Der #Politikaward2022 läuft. Während Hajo Schumacher und Torben Werner die Gäste begrüßen, liegt das erste Highlight schon hinter uns: Das Hintergrundgespräch mit Marie-Agnes Strack-Zimmermann, die u.a. von ihrem Ukraine-Besuch berichtete. pic.twitter.com/CUan68WaLf

— QuadrigaBerlin (@QuadrigaBerlin) October 12, 2022

Ende September war Baerbock bereits vom US-Magazin Time auf dessen Liste „der 100 aufstrebenden Stars“ („2022 TIME100 NEXT„) platziert worden. Das Time-Magazin zitiert zur Begründung die deutsche Außenministerin selbst mit ihren programmatischen Worten:

„Was mich in diesen schwierigen Zeiten optimistisch stimmt, ist das Wissen um die Stärke unserer transatlantischen Union, unserer Bündnisse und unserer liberalen Demokratien.“

Die Jury für diese Preisverleihung wird aus Experten der politischen Kommunikation aus Unternehmen und Universitäten sowie Journalisten berufen, die laut Eigenauskunft „aufgrund ihrer langjährigen Erfahrung, politische Kommunikation aus unterschiedlichen Perspektiven betrachten“. Nach dem Erstellen einer Shortlist in einem Onlinevoting der Juroren stellen die Nominierten anschließend der Jury ihre Projekte und Kampagnen live am Tag der Preisverleihung vor.

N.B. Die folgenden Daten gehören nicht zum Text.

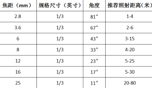 视角在 30 度以上,用于 20*30 米左右场所,如 12mm\16mm;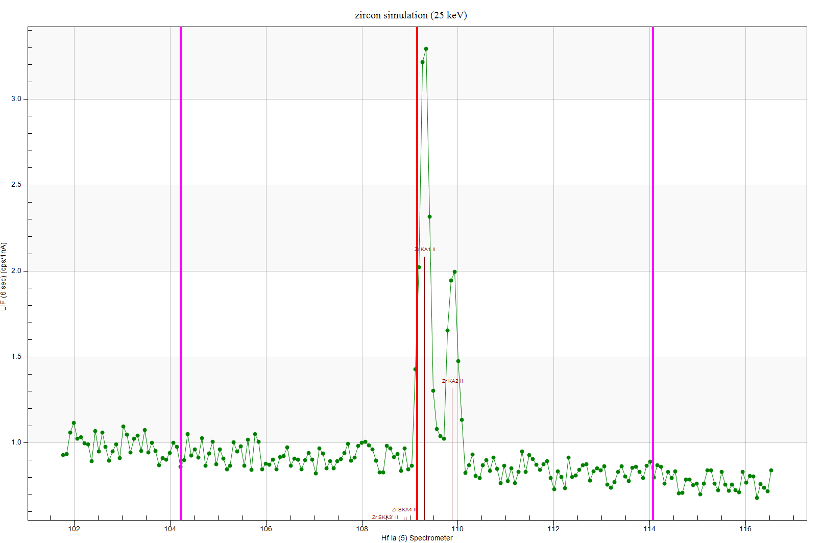 By the way I also happened to also run a simulation of the Hf La region and here is a teaching opportunity to demonstrate to students why in zircon we prefer the Hf Ma line: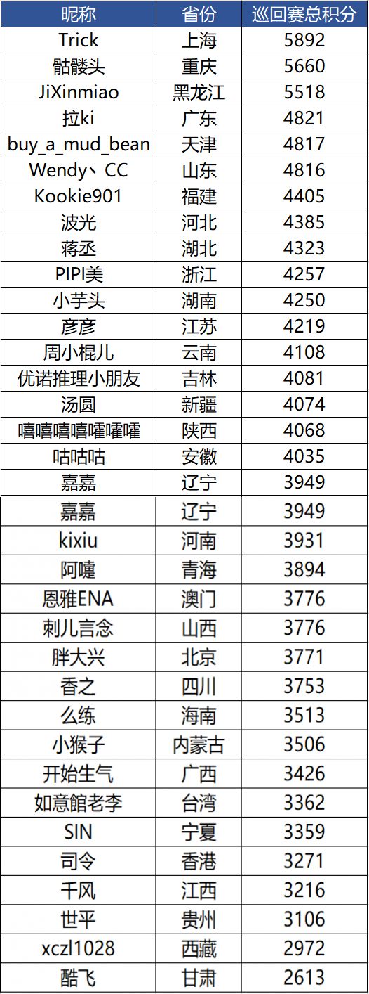 第三名的黑龙江选手“JiXinmiao”本土作战,在“哈尔滨站”的比赛中很争气的取得了5518分!也希望在他之后的所有选手都可以再接再厉,试着在周赛里突破自己,也突破巡回赛各位前辈们的极限哦~
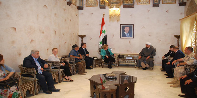 بدوره أشار صاديقوف إلى أنه يحمل رسالة “من قبل مفتي عموم روسيا للسوريين بأن جميع مسلمي روسيا يدعون في صلواتهم أن تعود العافية لسورية في مواجهة الإرهاب” آملا أن تستمر حالات التعاون بين البرلمانين الروسي والسوري والتنسيق بينهما من أجل حل المسائل التي تعترض توزيع المساعدات .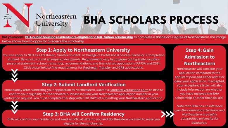 Verification of BHA Public Housing residency does not guarantee you will receive the scholarship. You must also meet Northeastern's admission criteria. BHA does not decide who will receive the scholarship.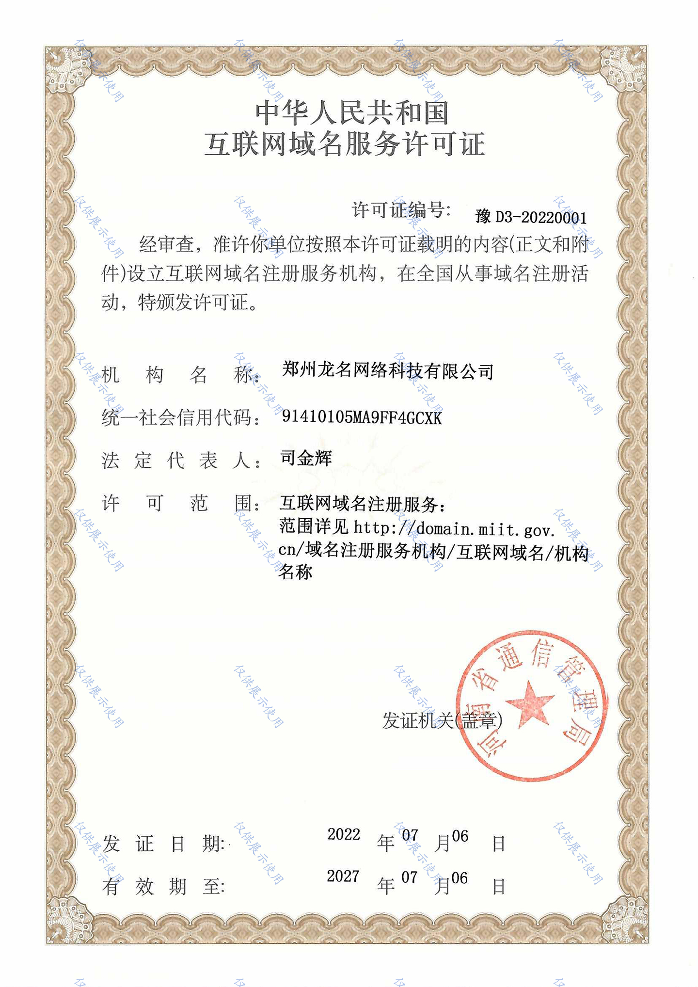 中华人民共和国互联网域名服务许可证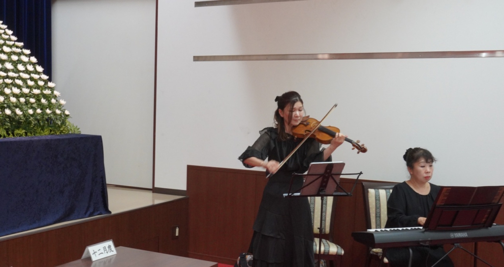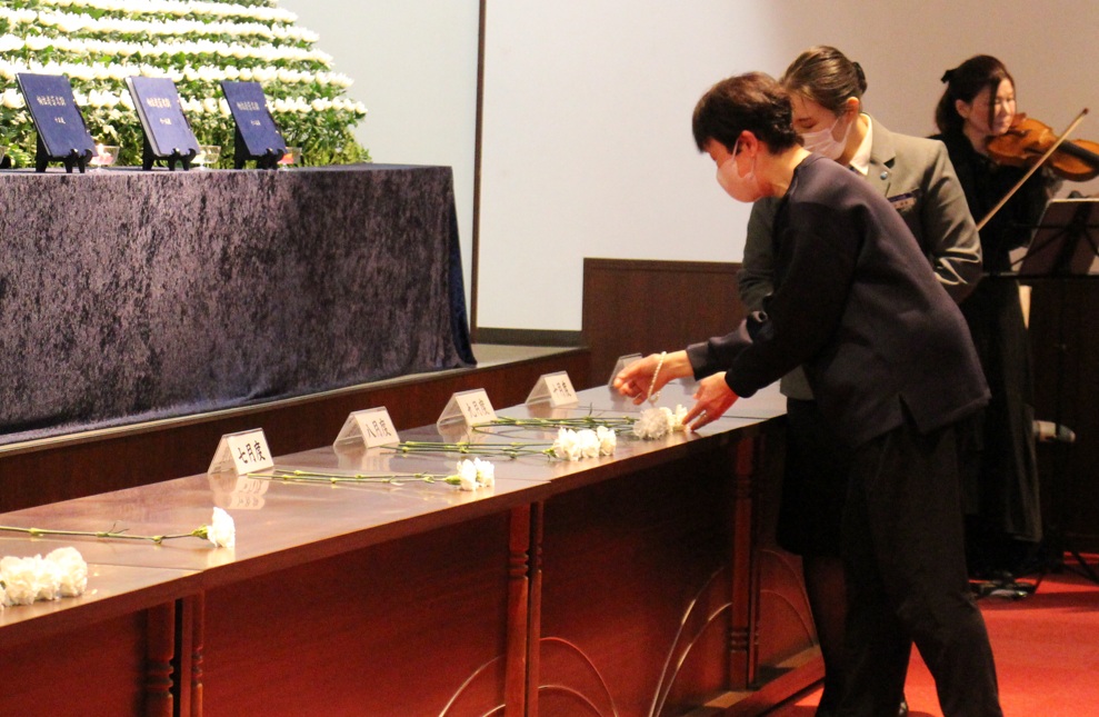 追悼式典の中では、献灯や献奏、献花の儀式を行い大切な故人様との歩んできた人生を皆様に振り返っていただくこと、そして八光殿のスタッフ含め、全員でご葬儀をお手伝いした故人様に対して哀悼の誠を捧げました。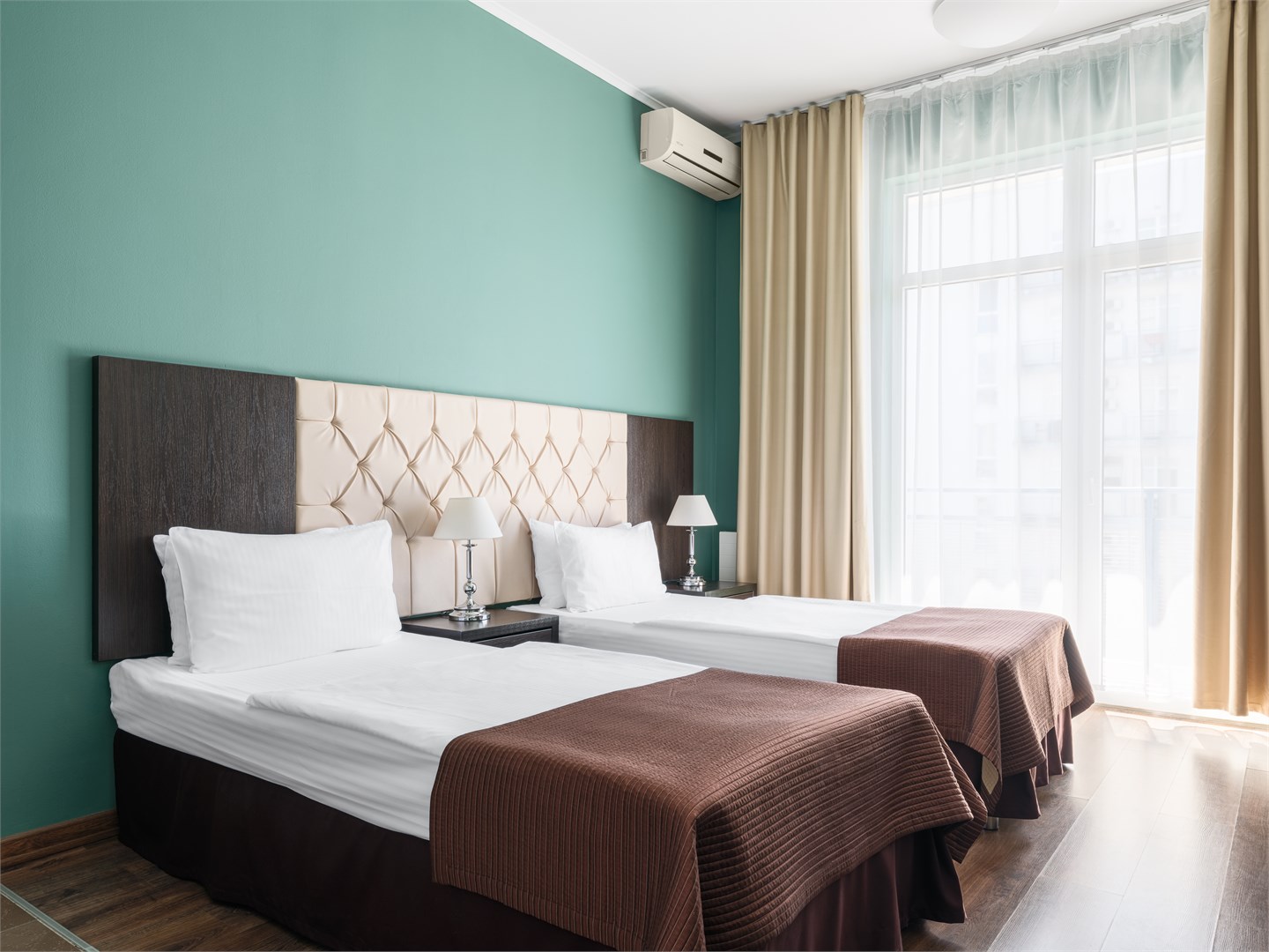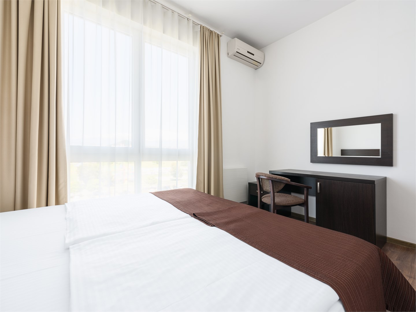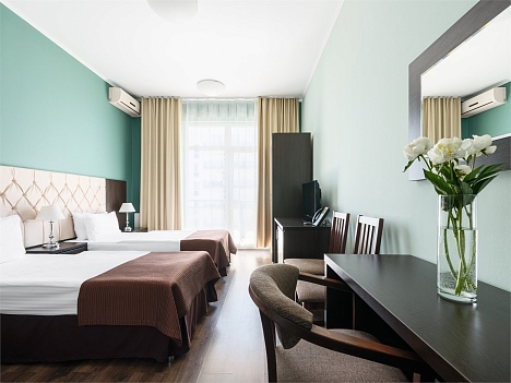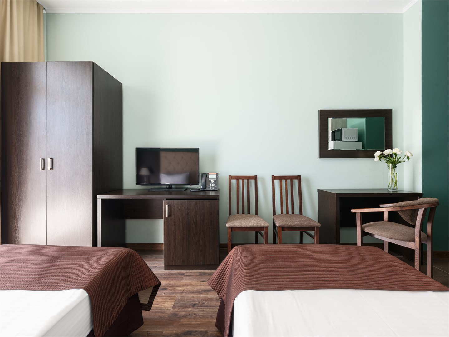В номере: вешалка, зеркало, кровати односпальные, стол, столик туалетный, шкаф, кондиционер, мини-холодильник, телевизор, телефон, утюг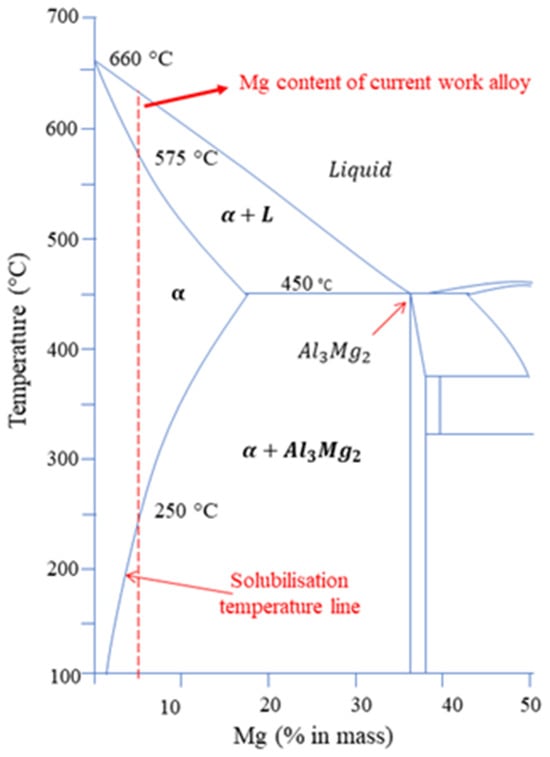 From the standard phase equilibrium diagram in Figure 1, an alloy with 5 wt% Mg is expected to have a second phase (Al3Mg2) at room temperature, since the Mg solubility is low at low temperatures. A faster cooling rate of the material would change the phase equilibrium, and a higher amount of solid solution of Mg may occur (as an α-phase matrix, in the case of non-Al3Mg2 precipitation).

Die Kategorien werden auch jährlich variiert, damit ein hoher Grad an Aktualität gewährleistet sein solle. Die diesjährige Präsentation und Preisverleihung moderierte Hajo Schumacher, freier Autor für Tageszeitungen, in Anwesenheit von 350 Politikern, Journalisten und Vertretern von Wirtschaft, Medien und Gesellschaft.

Extra Schlips umgelegt #politikaward pic.twitter.com/ik7pfhlWvg

— Hajo Schumacher (@hajoschumacher) October 13, 2022

Baerbock nutze laut Politik & Kommunikation ihre Dankesrede für einen ganz aktuellen Appell: „All unsere Politikpreise widmen wir den mutigen Frauen im Iran“. Ein anderer diesjähriger Preisträger war ein weiterer Bundesminister, der Justizminister Marco Buschmann (FDP), der mit dem Politikaward als „Aufsteiger des Jahres“ ausgezeichnet wurde. Schließlich wurde auch noch Lars Klingbeil als einer der beiden Bundesvorsitzenden der SPD zum „Strategen des Jahres“ gekürt.

Die diesjährig Geehrten reihen sich ein in die Liste namhafter Preisträger der vergangenen Jahre, darunter bereits auch Jens Spahn, Jean-Claude Juncker, Robert Habeck, Franziska Giffey, Christian Lindner, Andrea Nahles, Winfried Kretschmann, Ursula von der Leyen sowie auch bereits verstorbene Politiker von Rang und Namen wie Hans-Dietrich Genscher, Egon Bahr und Heiner Geißler.